Now your protocol should be able to run. Try it now and get some information from the empiar entry **10200.**
Check that the summary looks good.

After the execution, the **Summary** panel could show the following information if you managed to store all values:

.. figure:: /docs/images/general/summary.png
   :width: 450
   :alt: Summary


After that, we'll add into ``_insertAllSteps`` method the second step. This step
will download the movies from the entry (``entryId``) ftp until the maximum number
specified (``amountOfImages``) is reached.

.. code-block:: python

        def _insertAllSteps(self):
            self._insertFunctionStep('readXmlFileStep')     # read the dataset xml file from EMPIAR
            self._insertFunctionStep('downloadImagesStep')  # download the movies and register them in parallel

        def downloadImagesStep(self):
            # Call the method provided below.
            # Make the download happen into the tmp folder (self._getTmpPath) of the protocol,
            # and the final folder has to be the extra folder (self._getExtraPath).
            pass

The code below should download the files from empiar:

.. code-block:: python

    def downloadImagesFromEmpiar(entryId, downloadFolder, finalFolder, limit=5):
        """
        This method connects to EMPIAR's ftp and downloads a set of images
        into a specific directory.
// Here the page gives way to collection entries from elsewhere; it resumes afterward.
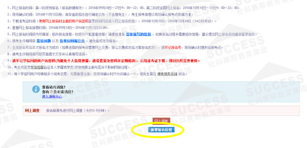 3、 查看網(wǎng)上報(bào)名信息時(shí)間:2016年09月24日~2016年11月12日22:00。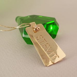 אלה לא סתם תכשיטים, זהו עומק, זו שירה, זהו רפרנס לעולם שלם שהיה ונעלם. העולם של הורי הורי. כשפגשתי בעבודות של אייל לא יכולתי שלא להביט דקות ארוכות בהתבוננות של גבר, עם אינסטינקט סקרן של ילד, בפלאק מוזהב שנראה במבט ראשון כמשהו שמתכתב עם הדיסקית האישית מימי הצבא, אבל עשוי ממלבן מעוצב ומוזהב ונושא את שמה של עונדת התכשיט על צווארה.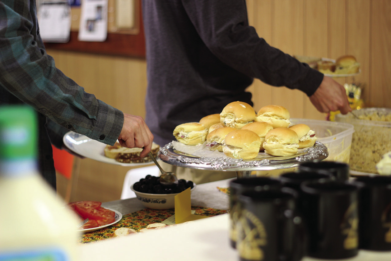 Attendees grabbing food after the awards ceremony.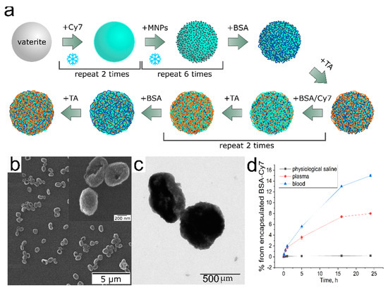 Vasir et al. showed that effective delivery of magnetic nanoparticles via systemic administration requires such a magnetic force as to compensate for the force of linear blood-flow rates of ~0.05 cm/s in the capillaries to 10 cm/s in the arteries and 50 cm/s in the aorta. To overcome this difficulty, magnetic nanoparticles with higher magnetic moments or magnets that can provide higher magnetic field gradients are required [30]. For increasing the loading of MNPs, FIL was used which consisted of the successive cyclic loading of MNPs and Cy7-conjugated BSA into vaterite particles. [31]. Figure 1 shows the obtainment of particles loaded with magnetite and with Cy7–BSA.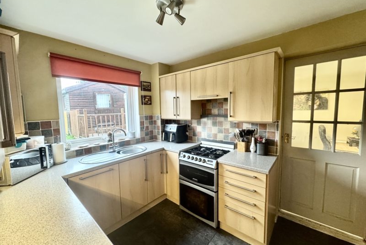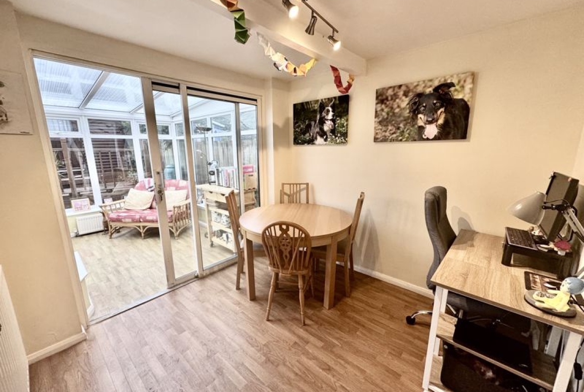 Sought after, link-detached family home on this popular residential street. Close to popular local schools, shops, bus routes and a short walk from the newly operational train station. With an impressive kerb appeal, set back from the main road, there is a spacious driveway and garage to the fornt. Entrance porch, open plan lounge with feature bow window, attractive fireplace and electric fire, open through to the dining room with French doors out to the garden area, family kitchen with access through to the extended dining room and conservatory enjoying access out to the rear garden. Three bedrooms to the first floor, one with fitted wardrobes. Modern family bathroom with shower. Large rear garden with delightful South-Easterly aspect and large garden office, perfect for home working or as a gym, with electric points. Freehold. EPC: C, Council Tax Band: C. Gas, Electric, Water, Heating, Drainage: Mains Connected. Broadband: Cable. Mobile Phone Blackspot: No.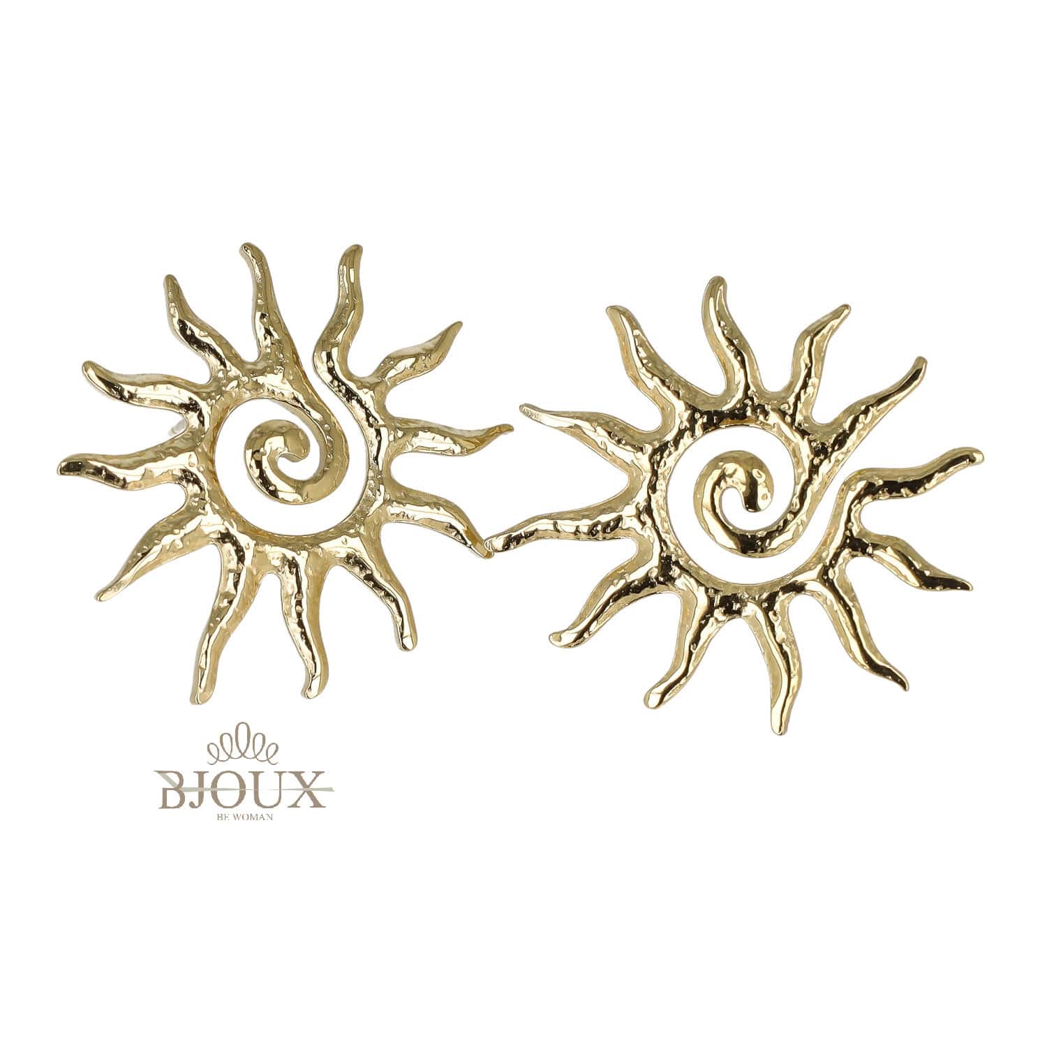 Orecchini in acciaio inox a forma di sole stilizzato con lavorazione martellata e spirale centrale. Orecchini a lobo con perno a farfallina anallergico.

Once image is downloaded it is moved to the final folder
        """
        # Connection information
        server = 'ftp.ebi.ac.uk'
        username = 'anonymous'
        password = ''

        # Directory information
        directory = '/empiar/world_availability/' + entryId + '/data/Movies'

        # Establish the connection
        ftp = ftplib.FTP(server)
        ftp.login(username, password)

        # Change to the proper directory
        ftp.cwd(directory)

        # Loop through the files and download each one individually into a specific
        # directory until the stopping criteria is met
        imagesCount = 1
        for filename in ftp.nlst():
            fileAbsPath = os.path.join(downloadFolder, filename)
            if not os.path.exists(fileAbsPath):
                fhandle = open(fileAbsPath, 'wb')
                print(pwutils.yellowStr('Getting: ' + filename), flush=True)
                ftp.retrbinary('RETR ' + filename, fhandle.write)
                fhandle.close()
                shutil.move(fileAbsPath, os.path.join(finalFolder,filename))
                imagesCount += 1
                if imagesCount > limit:
                    break
        ftp.close()


.. note:: We are aware that the code above will only work with entries having the files under a "data/Movies" folder.
          This works at least for 10200 entry and smarter ftp navigation is needed to work with all EMPIAR entries.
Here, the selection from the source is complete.